→ Aim of the exercise: Reprint the lines below as they are, minus the pictures.

Items listed in a dataset:

┄┄┄┄┄┄┄┄┄┄

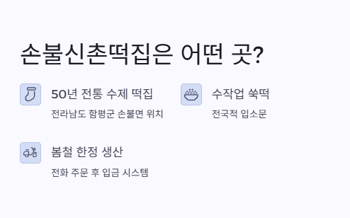 전라남도 함평군 손불면에 위치한 50년 전통 수제 떡집으로, 수작업 쑥떡으로 전국적인 입소문을 얻은 곳입니다.
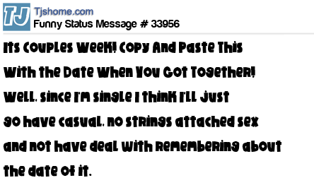 X Its Couples Week! Copy And Paste This With the Date When You Got Together! Well, since I'm single I think I'll just go have casual, no strings attached sex and not have deal with remembering about the date of it.
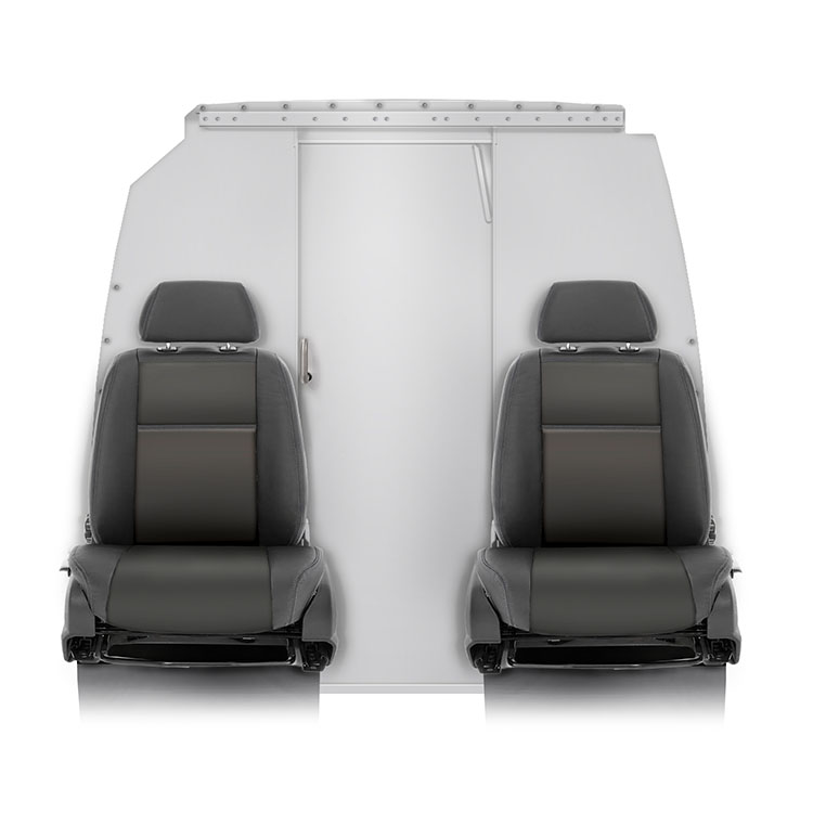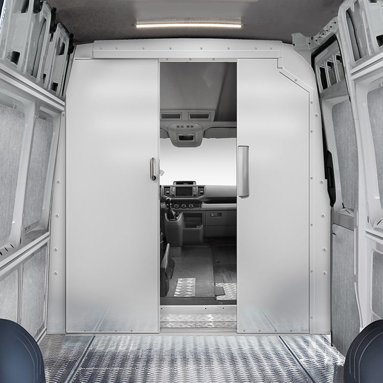 | The bulkhead, made from lightweight material, is equipped with a sliding door for quick and easy access to the cargo area from the cabin. The door is centered to create maximal space between the driver and passenger seat, making loading and unloading easier and more efficient. This bulkhead comes with an extra high door which requires a high cabin roof or modification of low cabin roof. The bulkhead is pre-assembled in the Modul-System factory, which allows for quick and easy installation in the vehicle. Door height: 1760 mm Installation time: 1 hour |
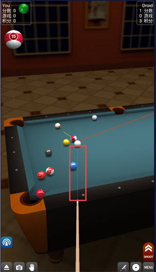 4、游戏画面效果和操作方式均有可圈可点之处,同时包括操作时将球杆向后拉出一定的距离后就出现代表力度和方向的轨迹线。
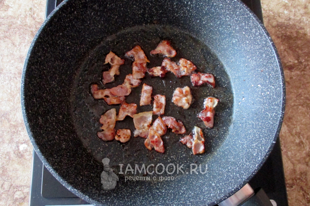 На горячей сковороде при помешивании обжарьте нарезанный на кусочки или ломтики бекон.
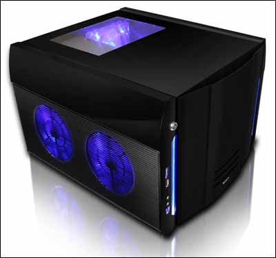 Чем же примечателен этот малыш с габаритами 368 х 278,2 х 421,2 мм и весом 9,2 кг? Ну, во-первых, в корпусе реализована совместимость с материнскими платами формата Micro ATX, а также мощными графическими адаптерами, как, например, NVIDIA GeForce 8800 GTX. Во-вторых, допускается установка до пяти 120-мм вентиляторов и использование блока питания мощностью от 500 до 700 Вт. И, наконец, в-третьих, изделие оборудовано двумя 5,25-дюймовыми (оба внешние) и четырьмя 3,5-дюймовыми (один внешний) отсеками, снабжено четырьмя слотами расширения и имеет один порт eSATA, два порта USB 2.0, аудиовыход и гнездо для подключения микрофона.
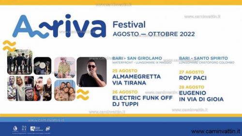 Si parte dal Waterfront di San Girolamo con un doppio appuntamento: il 25 agosto alle ore 22 la miscela di trip hop e dub partenopeo degli Almamegretta, che per l’occasione presenteranno “Senghe”, il nuovo album di inediti pubblicato da The Saifam Group; a seguire il gruppo internazionale Via Tirana, band indie-dance che mescola ripetitivi ritmi di batteria da ballo e bassi dinamici con sintetizzatori, chitarre e voci accattivanti. Sempre nella stessa piazza il 26 agosto saliranno sul palco gli Electric Funk Off, un progetto nato dall’idea di Nanni Gaias per dare una sonorità più elettrica ai brani che Dario Cecchini scrive da più di 25 anni per la Funk Off. La serata prosegue all’insegna delle buone vibrazioni funk e soul con il dj set di Tuppi. La programmazione continua e si sposta a Santo Spirito sul Lungomare Cristoforo Colombo: il 27 agosto alle ore 22 è la volta di Roy Paci che con il suo “Remix Tour” trasformerà la piazza in una “fiesta total” con ritmi e sonorità evolute di radice latina contaminate con il resto del mondo, passando dalle tribù africane fino alle bande musicali. Il 28 agosto stesso luogo, stessa ora, in esclusiva regionale gli Eugenio In Via Di Gioia, band indie folk-pop-rock torinese che presenterà il quarto disco "Amore e Rivoluzione".
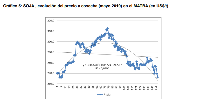 Este marcado efecto del tipo de cambio se muestra, a nivel local, en los precios de los granos expresados en moneda doméstica. En el gráfico 5 se presenta la evolución del valor esperado a cosecha en mayo 2019 para soja, posición que cotiza desde enero de 2018 en el MATBA (MATBA, 2018)
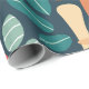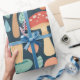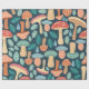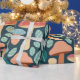 Ein skurriles Muster, das eine Vielzahl von bunten Pilzen und grünen Elementen auf einem dunklen aquamarinen Hintergrund zeigt und den zauberhaften Charme eines bezaubernden Waldes widerspiegelt.
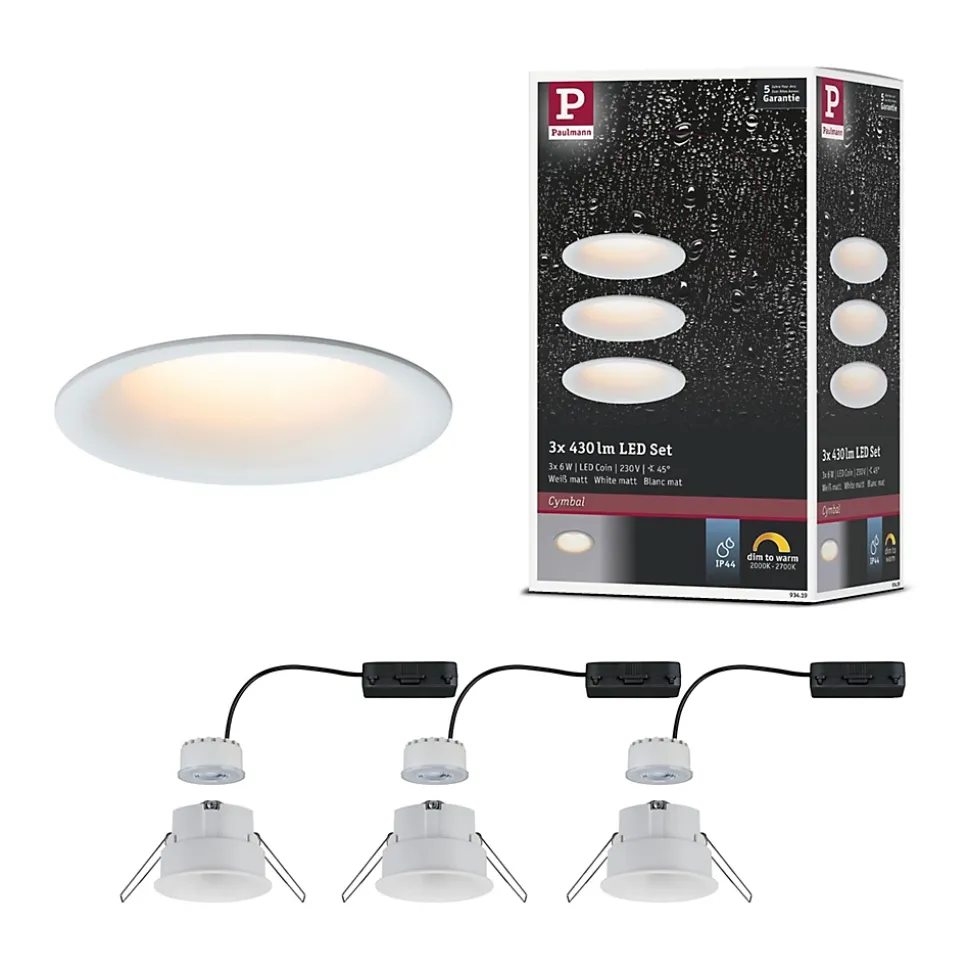 Variation de température de blanc chaud|Kit composé de 3 luminaires fourni avec module LED|Protection IP : IP44 – Protection contre les projections d’eau|Température de couleur: 2700K – Blanc chaud|Pour raccordement direct au secteur 230V
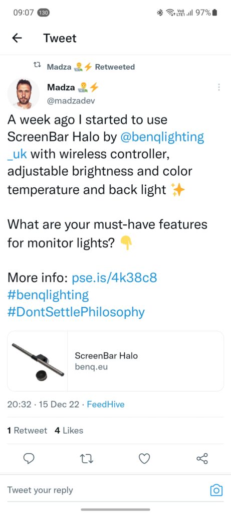 From that little, "space-wasting" piece of information, we can already see that he always uses a third-party engagement platform named FeedHive.
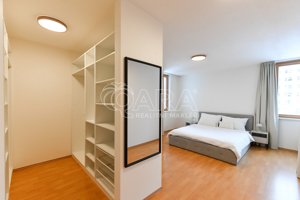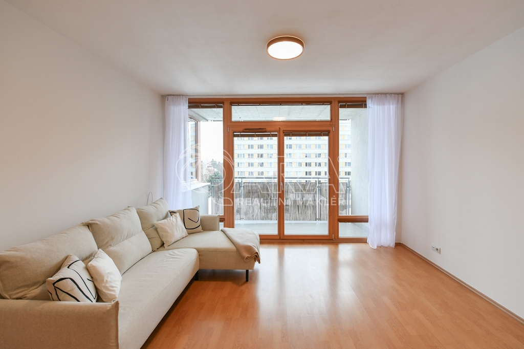Exkluzivní nabídka pronájmu bytu o dispozici 2+kk s lodžií, ul Panuškova, Praha 4 - Krč. Byt je umístěn ve 4.NP bytového domu z roku 2009.
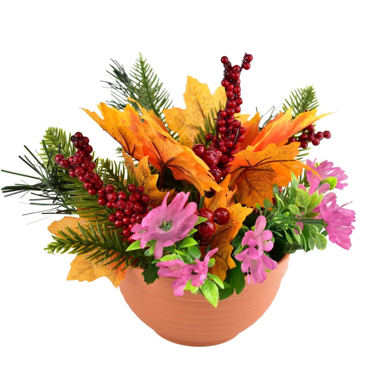 Tato miska je ideální pro smuteční dekorace nebo jako podzimní ozdoba pro váš domov. Její rozměry činí 22 cm na výšku a 25 cm na šířku, přičemž samotná miska má průměr 15 cm a výšku 7,5 cm. Celková hmotnost produktu je 800 g, což zajišťuje dostatečnou stabilitu. Zvolte naši podzimní misku a obohaťte svůj interiér o jedinečný podzimní šarm.
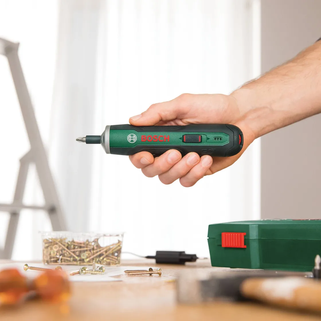De Bosch Schroevendraaier Op Accu Pushdrive Is Een Compacte En Handige 3,6 Volt Schroevendraaier. Dankzij De Push&Go Functie, Begint De Pushdrive Automatisch Met Schroeven Na Lichte Druk Op De Schroef. De Pushdrive Beschikt Over Een Neutrale Stand, Deze Biedt De Mogelijkheid Om Manueel Te Schroeven. Daarnaast Beschikt De Machine Ook Over Een Koppelinstelling, Die De Machine Nog Eenvoudiger In Gebruik Maakt. De Accuschroevendraaier Pushdrive Ligt Heel Aangenaam In De Hand En Wordt Standaard Geleverd In Een Robuuste Koffer Met 32-Delige Bitset En Een Micro-Usb Oplader.
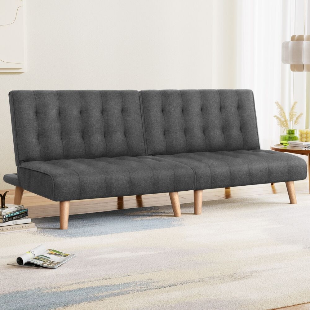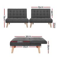 Snuggle up with our versatile 2-seater Artiss Recliner Sofa Bed. Constructed with a wooden frame and thick seat cushioning, our faux linen upholstered sofa is sturdy in every way. The solid rubber wood legs add a very natural touch to the entire ensemble while also providing excellent support. The backrest has three adjustable reclining positions to let you enjoy your leisure at your preferred settings. This allows the sofa to function as a luxurious 2-seater couch with the upright backrest, or as a multi-seater or ottoman with the backrest laid flat. You can even add on additional sofas for a modular setting and to create a larger sofa (or keep extending for a giant-sized one) that can be instantly transformed into a spare bed for unexpected overnight guests when needed.

┄┄┄┄┄┄┄┄┄┄

→ Result for this exercise:
 전라남도 함평군 손불면에 위치한 50년 전통 수제 떡집으로, 수작업 쑥떡으로 전국적인 입소문을 얻은 곳입니다.
 X Its Couples Week! Copy And Paste This With the Date When You Got Together! Well, since I'm single I think I'll just go have casual, no strings attached sex and not have deal with remembering about the date of it.
 | The bulkhead, made from lightweight material, is equipped with a sliding door for quick and easy access to the cargo area from the cabin. The door is centered to create maximal space between the driver and passenger seat, making loading and unloading easier and more efficient. This bulkhead comes with an extra high door which requires a high cabin roof or modification of low cabin roof. The bulkhead is pre-assembled in the Modul-System factory, which allows for quick and easy installation in the vehicle. Door height: 1760 mm Installation time: 1 hour |
 4、游戏画面效果和操作方式均有可圈可点之处,同时包括操作时将球杆向后拉出一定的距离后就出现代表力度和方向的轨迹线。
 На горячей сковороде при помешивании обжарьте нарезанный на кусочки или ломтики бекон.
 Чем же примечателен этот малыш с габаритами 368 х 278,2 х 421,2 мм и весом 9,2 кг? Ну, во-первых, в корпусе реализована совместимость с материнскими платами формата Micro ATX, а также мощными графическими адаптерами, как, например, NVIDIA GeForce 8800 GTX. Во-вторых, допускается установка до пяти 120-мм вентиляторов и использование блока питания мощностью от 500 до 700 Вт. И, наконец, в-третьих, изделие оборудовано двумя 5,25-дюймовыми (оба внешние) и четырьмя 3,5-дюймовыми (один внешний) отсеками, снабжено четырьмя слотами расширения и имеет один порт eSATA, два порта USB 2.0, аудиовыход и гнездо для подключения микрофона.
 Si parte dal Waterfront di San Girolamo con un doppio appuntamento: il 25 agosto alle ore 22 la miscela di trip hop e dub partenopeo degli Almamegretta, che per l’occasione presenteranno “Senghe”, il nuovo album di inediti pubblicato da The Saifam Group; a seguire il gruppo internazionale Via Tirana, band indie-dance che mescola ripetitivi ritmi di batteria da ballo e bassi dinamici con sintetizzatori, chitarre e voci accattivanti. Sempre nella stessa piazza il 26 agosto saliranno sul palco gli Electric Funk Off, un progetto nato dall’idea di Nanni Gaias per dare una sonorità più elettrica ai brani che Dario Cecchini scrive da più di 25 anni per la Funk Off. La serata prosegue all’insegna delle buone vibrazioni funk e soul con il dj set di Tuppi. La programmazione continua e si sposta a Santo Spirito sul Lungomare Cristoforo Colombo: il 27 agosto alle ore 22 è la volta di Roy Paci che con il suo “Remix Tour” trasformerà la piazza in una “fiesta total” con ritmi e sonorità evolute di radice latina contaminate con il resto del mondo, passando dalle tribù africane fino alle bande musicali. Il 28 agosto stesso luogo, stessa ora, in esclusiva regionale gli Eugenio In Via Di Gioia, band indie folk-pop-rock torinese che presenterà il quarto disco "Amore e Rivoluzione".
 Este marcado efecto del tipo de cambio se muestra, a nivel local, en los precios de los granos expresados en moneda doméstica. En el gráfico 5 se presenta la evolución del valor esperado a cosecha en mayo 2019 para soja, posición que cotiza desde enero de 2018 en el MATBA (MATBA, 2018)
 Ein skurriles Muster, das eine Vielzahl von bunten Pilzen und grünen Elementen auf einem dunklen aquamarinen Hintergrund zeigt und den zauberhaften Charme eines bezaubernden Waldes widerspiegelt.
 Variation de température de blanc chaud|Kit composé de 3 luminaires fourni avec module LED|Protection IP : IP44 – Protection contre les projections d’eau|Température de couleur: 2700K – Blanc chaud|Pour raccordement direct au secteur 230V
 From that little, "space-wasting" piece of information, we can already see that he always uses a third-party engagement platform named FeedHive.
Exkluzivní nabídka pronájmu bytu o dispozici 2+kk s lodžií, ul Panuškova, Praha 4 - Krč. Byt je umístěn ve 4.NP bytového domu z roku 2009.
 Tato miska je ideální pro smuteční dekorace nebo jako podzimní ozdoba pro váš domov. Její rozměry činí 22 cm na výšku a 25 cm na šířku, přičemž samotná miska má průměr 15 cm a výšku 7,5 cm. Celková hmotnost produktu je 800 g, což zajišťuje dostatečnou stabilitu. Zvolte naši podzimní misku a obohaťte svůj interiér o jedinečný podzimní šarm.
De Bosch Schroevendraaier Op Accu Pushdrive Is Een Compacte En Handige 3,6 Volt Schroevendraaier. Dankzij De Push&Go Functie, Begint De Pushdrive Automatisch Met Schroeven Na Lichte Druk Op De Schroef. De Pushdrive Beschikt Over Een Neutrale Stand, Deze Biedt De Mogelijkheid Om Manueel Te Schroeven. Daarnaast Beschikt De Machine Ook Over Een Koppelinstelling, Die De Machine Nog Eenvoudiger In Gebruik Maakt. De Accuschroevendraaier Pushdrive Ligt Heel Aangenaam In De Hand En Wordt Standaard Geleverd In Een Robuuste Koffer Met 32-Delige Bitset En Een Micro-Usb Oplader.
 Snuggle up with our versatile 2-seater Artiss Recliner Sofa Bed. Constructed with a wooden frame and thick seat cushioning, our faux linen upholstered sofa is sturdy in every way. The solid rubber wood legs add a very natural touch to the entire ensemble while also providing excellent support. The backrest has three adjustable reclining positions to let you enjoy your leisure at your preferred settings. This allows the sofa to function as a luxurious 2-seater couch with the upright backrest, or as a multi-seater or ottoman with the backrest laid flat. You can even add on additional sofas for a modular setting and to create a larger sofa (or keep extending for a giant-sized one) that can be instantly transformed into a spare bed for unexpected overnight guests when needed.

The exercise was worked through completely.